Blueprint of optically addressable molecular network for quantum circuit architecture

TL;DR

This paper proposes a molecular quantum circuit blueprint using optically addressable spin molecules, demonstrating potential for scalable quantum computing through optical control and integration with nano-photonics.

Contribution

It introduces a novel blueprint for molecular quantum circuits combining two-dimensional molecular networks and programmable nano-photonics, advancing the design of optically controlled quantum computing systems.

Findings

Calculated optically induced exchange interactions and spin dynamics.

Demonstrated an optically driven quantum gate operation scheme.

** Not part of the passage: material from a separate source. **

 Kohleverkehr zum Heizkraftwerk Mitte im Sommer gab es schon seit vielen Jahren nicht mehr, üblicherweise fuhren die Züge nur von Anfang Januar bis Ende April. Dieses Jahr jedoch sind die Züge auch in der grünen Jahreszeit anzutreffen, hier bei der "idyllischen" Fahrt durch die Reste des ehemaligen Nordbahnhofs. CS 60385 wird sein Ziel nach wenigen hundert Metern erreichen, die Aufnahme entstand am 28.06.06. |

Proposed integration of molecular networks with nano-photonics for quantum circuits.

Abstract

Optically connecting quantum bits can effectively reduce decoherence and facilitate long-distance communication. Optically addressable spin-bearing molecules have been demonstrated to have a good potential for quantum computing. In this report optically induced exchange interactions and spin dynamics, which are inherently important for spin-based quantum computing, have been calculated for a bi-radical - a potential quantum computing circuit unit. Consistent with the previous experimental observation of spin coherence induced by optical excitation, our work demonstrated an optically driven quantum gate operation scheme, implying a great potential of molecular quantum-circuit network. A blueprint of quantum circuit, integrating two-dimensional molecular network and programmable nano-photonics, both of which have been under extensive investigations and rather mature, was proposed. We thus envisage computational exploration of chemical database to identify suitable candidates for molecular spin quantum bit and coupler, which could be optimally integrated with nano-photonic devices to realize quantum circuit. The work presented here would therefore open up a new direction to explore 'Click Chemistry' for quantum technology.